# Work required
All lines at and after the one containing "Smokestacks rise from", up to the end of the listing below, are to be printed exactly, with the pictures omitted.

# Collected data
◇ ◇ ◇
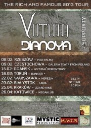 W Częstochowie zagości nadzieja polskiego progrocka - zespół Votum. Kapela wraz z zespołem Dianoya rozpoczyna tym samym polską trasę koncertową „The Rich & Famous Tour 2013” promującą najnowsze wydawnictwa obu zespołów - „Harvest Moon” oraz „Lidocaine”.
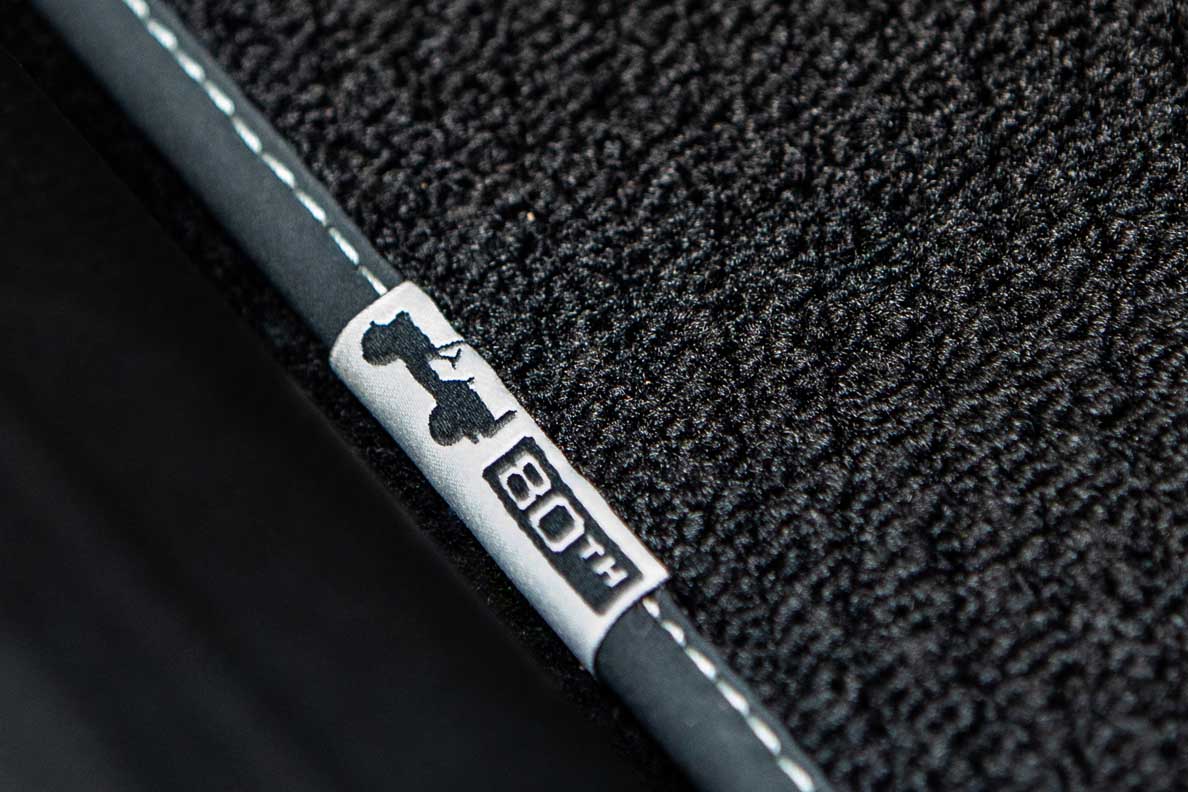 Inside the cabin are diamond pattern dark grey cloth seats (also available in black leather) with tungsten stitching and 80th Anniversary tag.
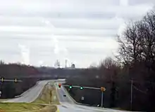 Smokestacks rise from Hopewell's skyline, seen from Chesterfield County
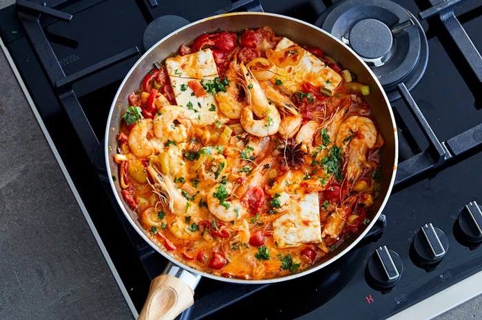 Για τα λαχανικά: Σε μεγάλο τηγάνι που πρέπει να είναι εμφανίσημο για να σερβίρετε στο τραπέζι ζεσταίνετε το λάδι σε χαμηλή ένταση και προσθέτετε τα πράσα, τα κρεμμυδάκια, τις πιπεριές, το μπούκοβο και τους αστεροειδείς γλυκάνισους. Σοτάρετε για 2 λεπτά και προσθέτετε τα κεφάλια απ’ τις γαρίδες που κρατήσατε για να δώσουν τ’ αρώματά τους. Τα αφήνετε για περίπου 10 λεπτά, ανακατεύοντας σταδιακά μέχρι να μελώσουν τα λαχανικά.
◇ ◇ ◇
# Solution to this problem
 Smokestacks rise from Hopewell's skyline, seen from Chesterfield County
 Για τα λαχανικά: Σε μεγάλο τηγάνι που πρέπει να είναι εμφανίσημο για να σερβίρετε στο τραπέζι ζεσταίνετε το λάδι σε χαμηλή ένταση και προσθέτετε τα πράσα, τα κρεμμυδάκια, τις πιπεριές, το μπούκοβο και τους αστεροειδείς γλυκάνισους. Σοτάρετε για 2 λεπτά και προσθέτετε τα κεφάλια απ’ τις γαρίδες που κρατήσατε για να δώσουν τ’ αρώματά τους. Τα αφήνετε για περίπου 10 λεπτά, ανακατεύοντας σταδιακά μέχρι να μελώσουν τα λαχανικά.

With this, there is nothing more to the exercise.